Note: Unlike Binafina topical Binafin pills are not effective in pityriasis versicolor.
Interaction with other drugs
Studies conducted in vitro in healthy volunteers show that terbinafine has little potential for suppressing or enhancing the clearance of most drugs that are metabolized by the participation of cytochrome P450 (eg, cyclosporine, terfenadine, tolbutamide, triazolam or oral contraceptives). In in vitro studies, however, it was found that terbinafine inhibits CYP2D6- mediated metabolism. These obtained in in vitro experiments, the data may be clinically important for those drugs that preferentially metabolized by this enzyme, such as tricyclic antidepressants, beta-blockers, selective serotonin reuptake inhibitors and monoamine oxidase inhibitors in type – in the case, if applicable simultaneously formulation has a small range of therapeutic concentrations. In patients simultaneously taking oral contraceptives Binafin and, in some cases marked irregularity of the menstrual cycle, although the incidence of these disorders remains within values ​​were observed in patients who use only oral contraceptives. On the other hand, the total clearance of terbinafine may be accelerated by drugs which accelerate metabolism (such as rafampitsin) and can slow down drugs that inhibit cytochrome P450 (such as cimetidine). In those cases where it is necessary the simultaneous use of these drugs may require doses adequate correction Binafina.
Overdose
There are reports of several cases Binafina overdose (dose taken up to 5 g), in which marked headache, nausea, epigastric pain and dizziness. Recommended treatment in case of overdose includes measures for elimination of the drug primarily by assigning activated charcoal, gastric lavage, and, if necessary, use of symptomatic maintenance therapy.
pharmachologic effect
Pharmacological group:
Antifungal agent.
Pharmacodynamics:
Terbinafine – is an allylamine, which has a broad spectrum of activity against fungi which cause diseases of the skin, hair and nails, including dermatophytes such as Trichophyton (e.g., T. rubrum, T. mentagrophytes, T. tonsurans, T. verrucosum, T. violaceum), Microsporum (e.g., .M. Canis), Epidermophyton floccosum, and yeasts genus Candida (e.g., Candida albicans) and Pityrosporum. At low concentrations of terbinafine has fungicidal activity against dermatophytes, molds and certain dimorphic fungi. Activity against yeast fungi, depending on their type, may be a fungicidal or fungistatic. Terbinafine specifically inhibits the early stage of the biosynthesis of sterols in the fungal cell. This leads to a deficiency of ergosterol and intracellular accumulation of squalene, which causes death of fungal cells. Action terbinafine accomplished by inhibition of the enzyme squalene epoxidase in the cell membrane of the fungus. This enzyme does not belong to the cytochrome P450 system. Terbinafine has no influence on the metabolism of hormones or other drugs. In appointing Binafina inside of the skin, hair and nails are the concentration of the drug, providing fungicidal action.
Pharmacokinetics:
After a single dose of terbinafine oral dose of 250 mg of the maximum plasma concentration of the drug is achieved through the 2 hour and was 0.97 g / ml. poluabsorbtsii period of 0.8 hours; and the period poluraspredeleniya – 4.6 hours.

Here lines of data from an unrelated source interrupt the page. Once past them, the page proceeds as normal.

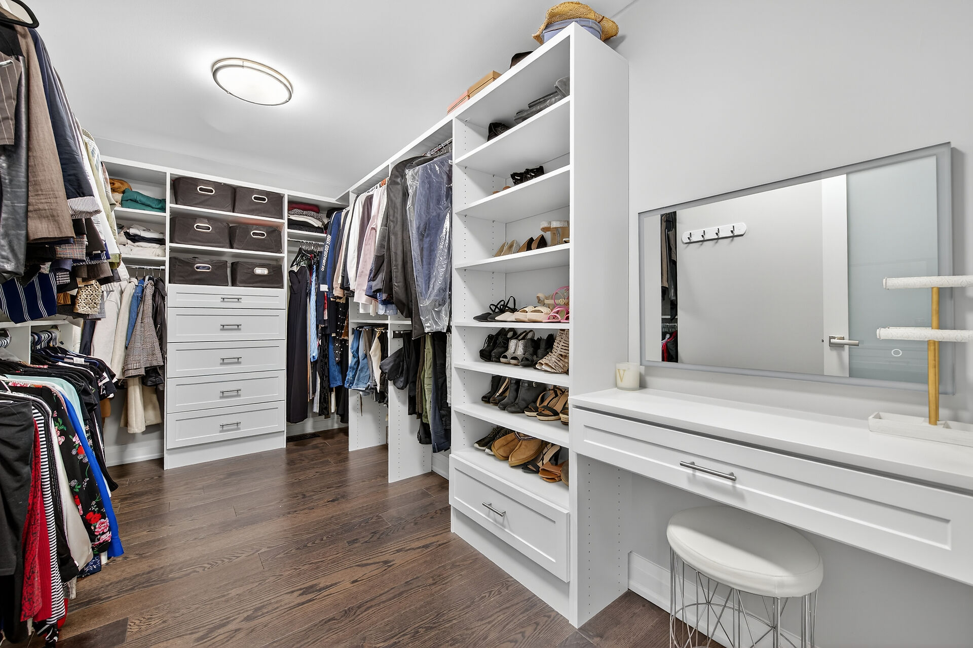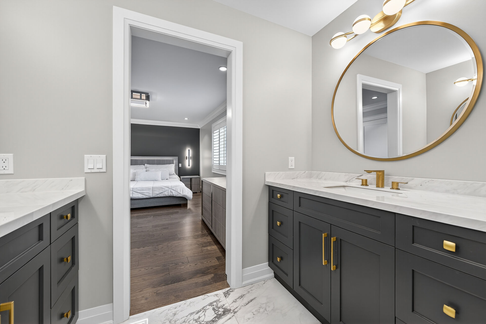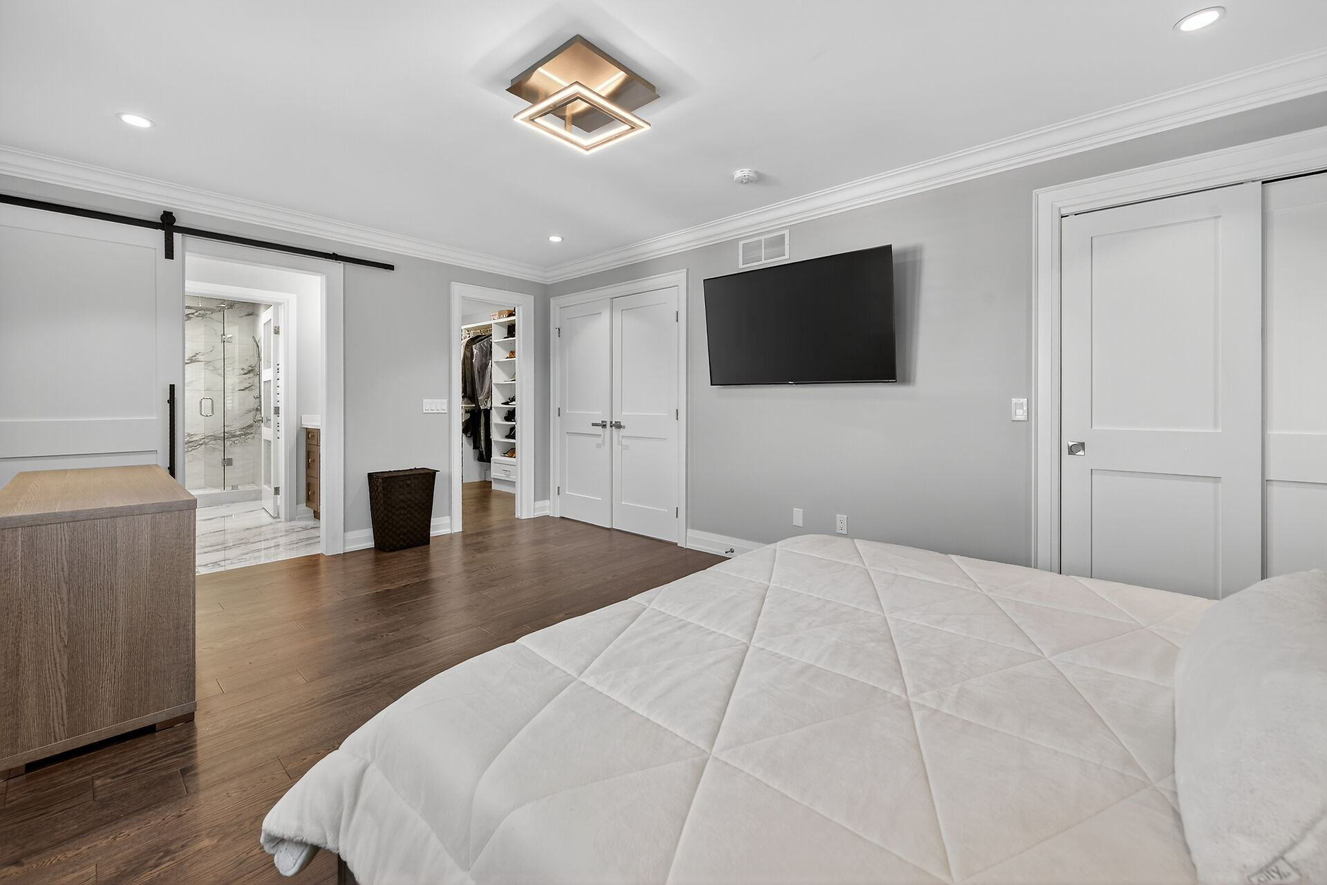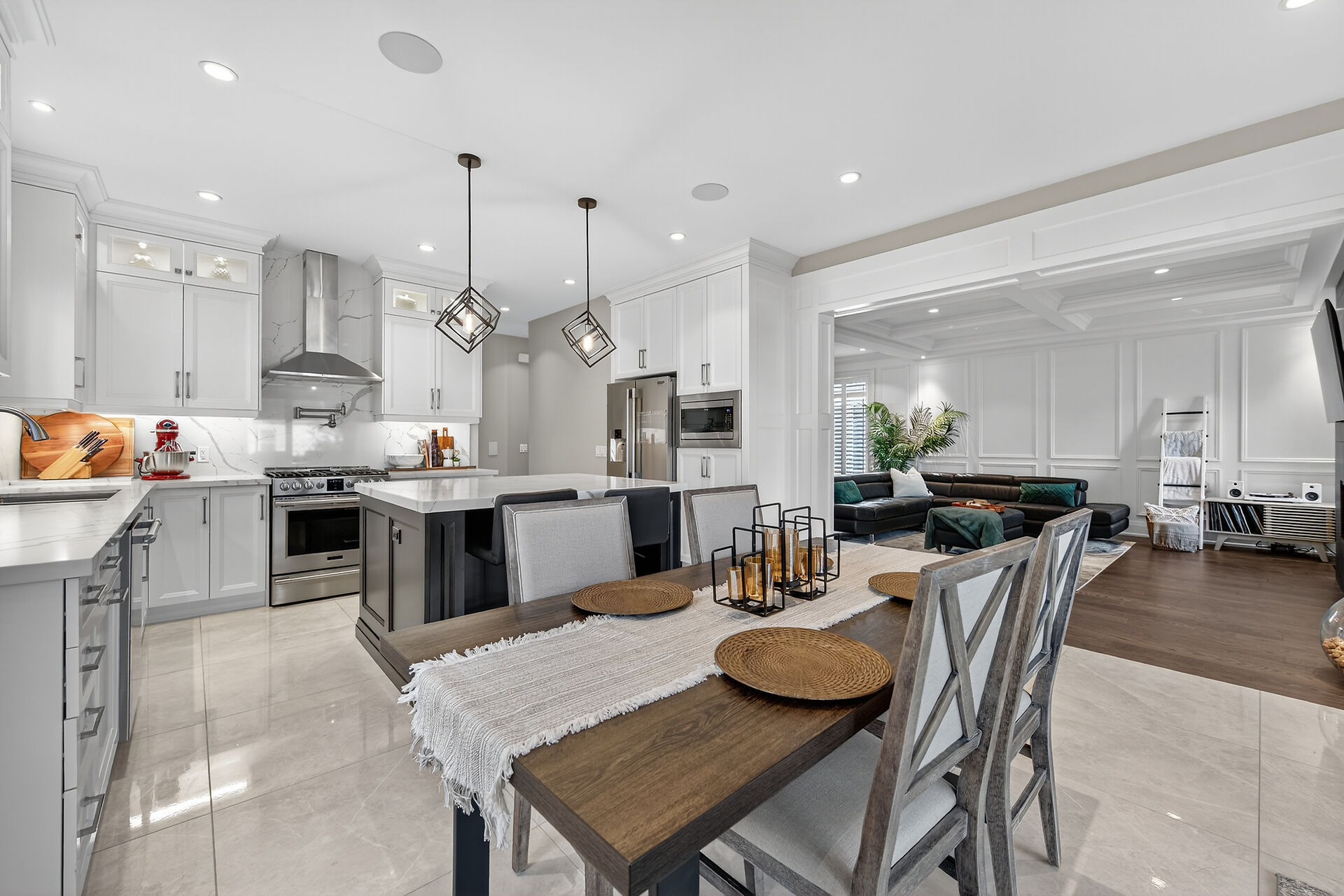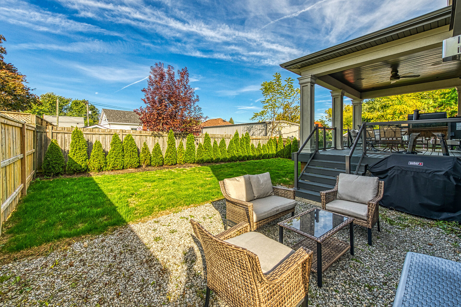 Every inch of this 2,531 sq ft custom-built home has been thoughtfully designed. Featuring 3 spacious bedrooms and 2.5 luxurious baths, this home offers quartz countertops in all bathrooms, kitchen, laundry, and wet bar. Enjoy engineered hardwood throughout, solid wood doors, custom cabinetry in every room, built-in ceiling speakers, wide staircase, and a private side entrance to the insulated, unfinished basement. Coffered ceilings, California shutters, and pot lights elevate every room. The fenced backyard with newly planted cedar trees offers growing privacy. Double garage + 4-car drive. A truly turnkey luxury home!
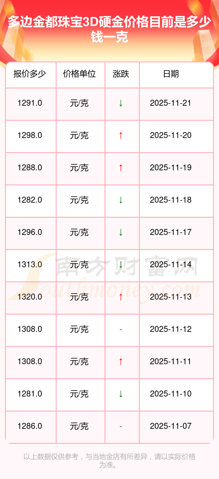 据了解,今日多边金都珠宝 3D硬金的最新价格为1291.0元/克。
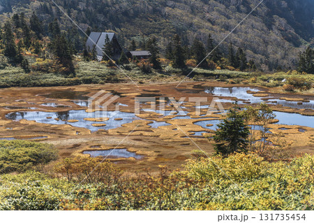 火打山 紅葉の高谷池と高谷池ヒュッテ
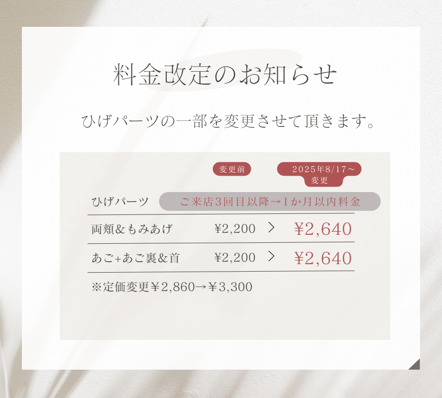 『両頬&もみあげ』と『あご+あご裏・首』の定価¥2860を8/17より¥3300に変更させて頂きます。
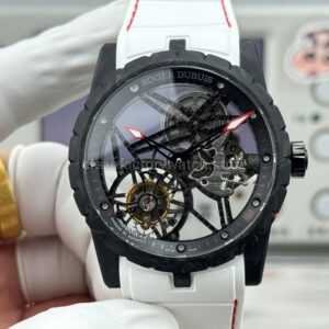 NEW Factory Roger Dubuis Excalibur DBEX0577 42mm Carbon Fiber White Rubber Strap Skeletonized Dial

It does not require correction of the dose at the same time taking with food. Terbinafine largely bound to plasma proteins (99%), rapidly penetrates into the dermal layer of the skin, and concentrates in the lipophilic stratum corneum. Terbinafine also penetrates the sebum, which leads to the creation of high concentrations in hair follicles, hair and skin rich in sebaceous glands. It is also shown that terbinafine penetrates the nail plate within the first few weeks after initiation of therapy. Terbinafine is metabolised rapidly and to a considerable extent with the participation of a minimum of seven cytochrome P450 isoenzymes, with the main role is played isoenzymes CYP2C9, CYP1A2, CYP3A4, CYP2C8 and CYP2C19. As a result of biotransformation of metabolites formed terbinafine not possessing antifungal activity and can be output primarily with urine. Terminal half-life of the drug 17 hours. Any evidence of drug accumulation in the body is not there. There were no changes Binafina equilibrium concentration in plasma as a function of age, but in patients with impaired renal or hepatic function may be slowed drug release rate, which leads to higher concentrations of terbinafine in the blood plasma. In a single dose pharmacokinetic studies Binafina in patients with concomitant diseases of the liver has been shown possible to reduce the clearance of the drug by 50%.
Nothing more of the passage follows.